Mercedes-Benz X-class review

Date: Tuesday, May 08, 2018

Key Rival: VW Amarok
On Sale: January 2018

The UK’s pick-up truck market has been travelling upmarket for years and is dominated by double-cab lifestyle models delivered in escalating levels of trim.

This trend is so pervasive that the humble single-cab workhorse truck has now become something of an anachronism and a body style that some truck manufacturers no longer even offer – among them Volkswagen, with its Amarok, Nissan, with its Navara, Fiat Professional, with its Fullback, or Ssangyong, with its Musso.

Another place where you definitely won’t find a single-cab derivative is in a Mercedes-Benz showroom where the brand’s debut pick-up, the X-Class, has recently taken up residence.

The X-Class represents, arguably, the pinnacle in pick-up luxury – Mercedes certainly thinks so, and it is a claim that only the Volkswagen Amarok could realistically dispute.

Operating

Starting from £27,310 (all prices exclude VAT) for the X220 d4Matic six-speed manual Pure and rising to £34,100 for the flagship X250 seven-speed auto Power driven here, the X-Class is not cheap. By comparison VW’s Amarok line-up goes from £26,255 to £31,995. Market leader Ford’s top-of-the-range Ranger Wildtrak auto, meanwhile tops out at £28,441.

But with pick-up trucks the cost benefit comes in the tax breaks. So long as the payload exceeds 1.0t, which, naturally, they all do, then business customers can claim back the VAT and also enjoy a far lower, and fixed, rate of benefit-in-kind tax. At £3,230 this works out at £646 a year for the 20% tax band or £1,292 for the 40% band.

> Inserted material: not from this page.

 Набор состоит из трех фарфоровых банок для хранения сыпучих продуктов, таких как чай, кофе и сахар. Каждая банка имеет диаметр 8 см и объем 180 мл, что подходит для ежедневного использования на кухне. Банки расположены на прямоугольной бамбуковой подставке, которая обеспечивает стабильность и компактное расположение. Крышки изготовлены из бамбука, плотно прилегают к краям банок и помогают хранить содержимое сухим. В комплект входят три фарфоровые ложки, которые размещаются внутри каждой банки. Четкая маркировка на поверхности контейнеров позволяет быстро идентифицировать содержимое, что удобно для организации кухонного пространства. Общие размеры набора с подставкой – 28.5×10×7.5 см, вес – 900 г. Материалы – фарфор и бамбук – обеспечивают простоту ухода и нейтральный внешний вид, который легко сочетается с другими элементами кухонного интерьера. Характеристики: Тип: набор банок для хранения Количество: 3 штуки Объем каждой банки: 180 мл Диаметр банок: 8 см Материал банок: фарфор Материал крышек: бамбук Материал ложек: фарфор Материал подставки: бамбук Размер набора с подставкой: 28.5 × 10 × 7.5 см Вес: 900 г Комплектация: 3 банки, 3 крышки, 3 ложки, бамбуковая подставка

For this reason Merc reckons most of its customers will be existing pick-up operators transferring from other brands where they already take advantage of the tax regime rather than customers coming out of SUVs.

Interior and equipment

While the X-Class is based on Nissan’s thoroughly competent Navara and shares its 2.3-litre engine (with outputs of either 163hp or the 190hp tested here) – and multi-link suspension with solid rear axle as well as retaining rear-wheel drive in conjunction with selectable four-wheel drive - Mercedes has raised the bar in terms of comfort and refinement. The upper body is Mercedes’ own and is 50mm wider than that of the Navara while the track has been extended by 70mm.

Interior quality is excellent with comfortable suede-finish seats and classy surface materials, although there is some tough, robust-looking hard plastic on the lower portion of the dashboard that should withstand scuffs from outdoor boots.

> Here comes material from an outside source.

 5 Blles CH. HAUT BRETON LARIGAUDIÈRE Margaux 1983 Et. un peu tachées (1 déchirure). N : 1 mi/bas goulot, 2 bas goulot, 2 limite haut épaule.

One gripe is that there is very little storage space for items such as a wallet or mobile phone.

A generous helping of standard safety kit includes autonomous emergency braking, lane-keeping assist, traffic sign recognition, hill-start assist and a reversing camera.

Mercedes has augmented the Power specification with a raft of features including painted bumpers with a chrome under guard, chrome rear bumper with an integrated step, LED headlights with a cleaning system, keyless ignition, eight-way adjustable driver and front passenger seats, leather upholstery and dash, and 18in alloys.

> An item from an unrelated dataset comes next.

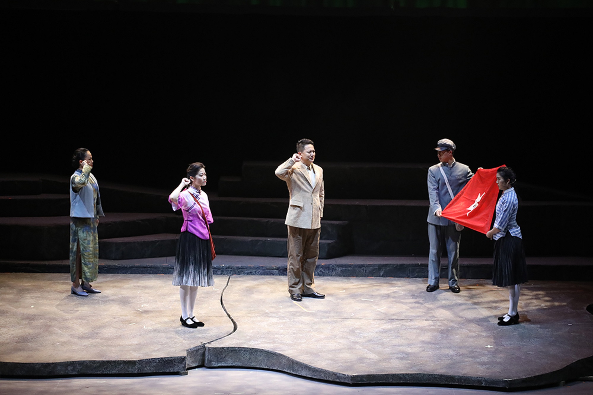 伴隨著輕快的音樂聲,舞臺大幕緩緩開啟,一個關(guān)于理想、青春、信仰的革命故事徐徐展開。舞臺上,一幕幕起承轉(zhuǎn)合的劇情、一首首動人心魄的音樂、一個個有血有肉的人物,藝術(shù)重現(xiàn)了革命先輩江竹筠輝煌燦爛的革命歷程,謳歌她用青春熱血守護共產(chǎn)主義信仰,為國家、為人民英勇赴死的革命情操和崇高氣節(jié),讓現(xiàn)場觀眾接受了一次嶄新的革命洗禮。

As part of the £1,345 Style Package, we got 19in alloys, privacy glass, electric rear windows, running boards, which help getting in and out, and roof rails.

A feature inherited from the Navara that we would recommend is the excellent 360° camera that comes as with the £570 Parking Package. It succeeds in making tight inner-city maneouvres a stress-free experience.

Engine and gearbox

Engine noise is impressively suppressed even at motorway speeds and the X-Class also handles reassuringly well on winding roads when pushed hard. The 190hp engine provides decent enough power and works smoothly with the seven-speed auto transmission, but both fall a little short in comparison with the 224hp V6 Amarok with eight-speed automatic transmission.

This may change when Mercedes launches its own V6 350 258hp X-Class in mid-2018. Like the Amarok, this too will come with permanent all-wheel drive.

Even with the 190hp engine, the X-Class will not win any prizes as an eco-warrior. It’s official 35.8mpg and 207g/km CO2 compare with the 224hp Amarok’s 36.2mpg and CO2 of 204g/km.

The X350 3.0-litre V6 will offer returns of 31.3mpg with 237g/km CO2.

Mercedes-Benz X250 d 4Matic Power

Price (ex VAT)    £34,100
Price range (ex VAT)    £27,310-£34,100
Insurance  Group    38E (est)
Warranty    2yrs/100,000mls
Service intervals    18,000mls
Load length    1,587mm
Load width (min/max)     1,130/1,560mm
Load bay height     431mm
Gross payload     1,066kg
Engine size/power     2,298cc/190hp
Combined fuel economy    35.8mpg
CO2     207g/km


Verdict


The X-Class does not set out to be a frugal workhorse but raises the bar for pick-up luxury and will win plenty of friends at the top end of the lifestyle sector.